One of the things I love about travel is discovering places that you hadn’t heard of prior to arriving in the country, places that should be near the top of any ‘must-see’ list, but for some reason remain under the radar. Kong Lor Cave is such a place. A seven kilometre cave with a river running through it that you can traverse in a boat. As soon as I read about it I knew I had to go. I began asking others if they were considering heading there. Like me, most people hadn’t even heard of it. This both excited me (oooohhh, off the beaten track) and frightened me (arg……off the beaten track). But after finding that there was a direct bus to the village of Kong Lor from Vientiane it was a no brainer, I was definitely going.

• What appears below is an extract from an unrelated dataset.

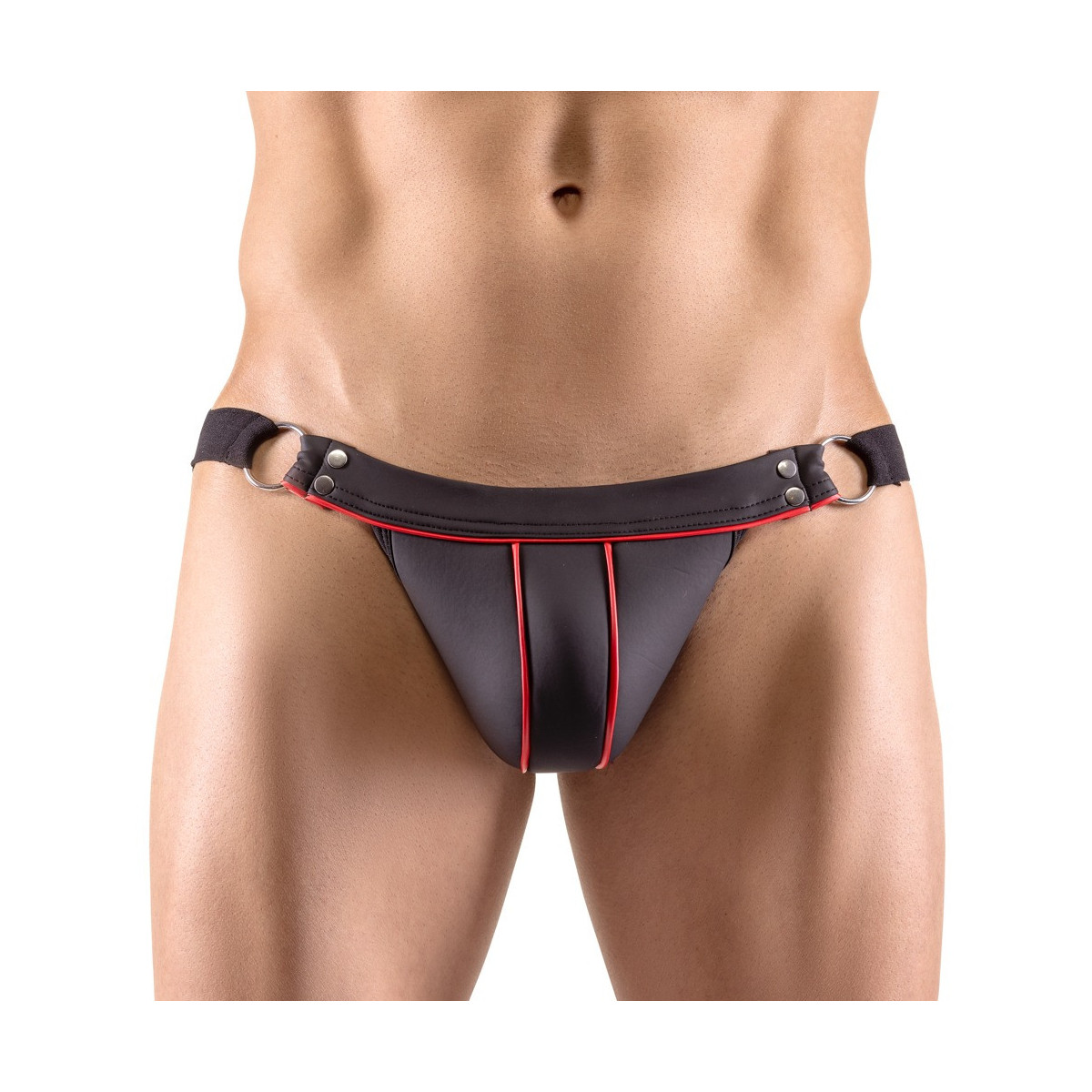 Eccitante perizoma senza culo di Svenjoyment in un look nero opaco alla moda che ricorda visivamente il neoprene. Nella parte anteriore con bordatura in rosso a contrasto come un eye-catcher. Splendidamente morbido ed elastico con larghe cinghie intrecciate per una perfetta vestibilità confortevole.

Finding no-one else to join me I headed to the southern bus station in Vientiane and bought my bus ticket directly. I was there pretty early and thought I was going to be the only falang (foreigner) on the bus, but just before leaving two couples showed up, and honestly I felt more at ease knowing I wasn’t going to be totally alone. I was sitting with a local university student for much of the seven hour bus journey, who was heading home after his final exams. He insisted on sharing his food with me (he wouldn’t let me protest), and, pointing to my stomach, said he could tell I liked beer. He didn’t mean it as an insult, but now I really need to go on a diet! The further south-east we went, the more the scenery changed, from flat farmland, to giant mountains of limestone rising from the ground. Bit by bit the bus emptied, until only us falang were left, and we arrived in the tiny, one road village of Kong Lor.

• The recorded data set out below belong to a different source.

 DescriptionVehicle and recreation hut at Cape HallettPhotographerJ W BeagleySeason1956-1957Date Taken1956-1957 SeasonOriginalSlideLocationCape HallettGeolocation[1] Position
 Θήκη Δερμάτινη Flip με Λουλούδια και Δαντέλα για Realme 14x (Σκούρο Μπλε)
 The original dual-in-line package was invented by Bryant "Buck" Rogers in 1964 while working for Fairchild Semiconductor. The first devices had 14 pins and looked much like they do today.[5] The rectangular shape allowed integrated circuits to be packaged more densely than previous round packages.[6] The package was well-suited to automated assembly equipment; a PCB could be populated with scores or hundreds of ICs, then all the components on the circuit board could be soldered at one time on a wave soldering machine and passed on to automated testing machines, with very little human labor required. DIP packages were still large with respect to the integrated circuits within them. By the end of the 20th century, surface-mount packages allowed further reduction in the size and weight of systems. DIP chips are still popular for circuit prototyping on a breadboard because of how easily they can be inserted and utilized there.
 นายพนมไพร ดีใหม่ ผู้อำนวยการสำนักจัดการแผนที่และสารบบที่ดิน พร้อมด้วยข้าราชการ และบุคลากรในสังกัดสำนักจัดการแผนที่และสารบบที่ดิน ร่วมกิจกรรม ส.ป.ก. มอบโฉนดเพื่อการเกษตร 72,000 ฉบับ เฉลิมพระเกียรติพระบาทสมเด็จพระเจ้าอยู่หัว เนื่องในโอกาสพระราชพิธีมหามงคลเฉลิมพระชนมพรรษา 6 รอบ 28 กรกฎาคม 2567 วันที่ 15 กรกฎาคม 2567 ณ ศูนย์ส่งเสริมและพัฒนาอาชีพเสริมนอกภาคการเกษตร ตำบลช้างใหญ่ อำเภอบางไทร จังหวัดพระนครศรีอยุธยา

The guesthouse we all booked into was run by a family with a number of young children, who immediately asked for games to play, and ended up with one of my companion’s tablets to play Angry Birds. Not for the first time either, she was good at it! They also had a tiny pet monkey, a baby macaque, so small it was still being bottle fed. We all hoped that it was a rescue monkey, and not stolen from its mother. It was the cutest little thing, and in the morning at breakfast came bounding up to hug my leg.
The five of us from the bus headed to the cave after breakfast, about a one kilometre walk away. As the boats seat three (plus driver) we split the cost evenly between us for two boats. Much cheaper for me than paying for a whole boat myself, which is what I had been expecting. We were all given life jackets (a surprising safety measure that is often missing in South East Asia) and followed our boat drivers to the entrance of the cave.
What followed was like a journey to Middle Earth. As we moved further into the cave and away from the entrance it got darker and darker, until it was pitch black except for our head lamp torches. The boat driver navigated by torch light also and there were some hairy moments when we seemed to brush perilously close to rocks jutting out of the water. There were also a few occasions where the river was so low that the boat brushed the bottom, and the driver had to get out and push.
Where the water was deep it was completely still, and the reflections on the water of the cavern above made it seem like the cavern also went down, down forever, doubling the size of the cave. Bats clung to the cavernous roof above us and we could still hear them above the roar of the boat engine. About ten minutes in the boat stopped at a small sandy area, and we got out and walked up and along a well lit area of stalactites and stalagmites. Stunning formations all around us, and while others were comparing the area to the Hobbit, and expecting to see Gollum with his precious, I suddenly had a very clear thought of the movie The Descent. Gah! I swear that film has ruined caves for me forever.
Back in the boats and into the darkness I tried not to think about scary creatures hiding just out of sight of my torch, and enjoyed the ride until we exited the cave at the other end. Not far further along the river was a small rest area with a few shacks selling cold drinks, and a gaggle of tiny cute ducklings waddling all over the place. After a rest and a drink it was back to the boats and back through the cave the way we’d come. In the other direction everything looked different and the next 40 minutes were as thrilling as when we’d first entered the cave.
Over too soon, a couple of us had a quick dip in the cool refreshing water just outside the cave entrance, before heading back to Kong Lor village. The village itself is charming, with small farms growing tobacco beneath the large limestone mountains, and cows, water buffalo and chickens roaming about. While trying to think of a witty joke as I watched some chickens cross the road in front of me, I almost missed the long, thin green snake that was slithering right in front of my feet. Eek!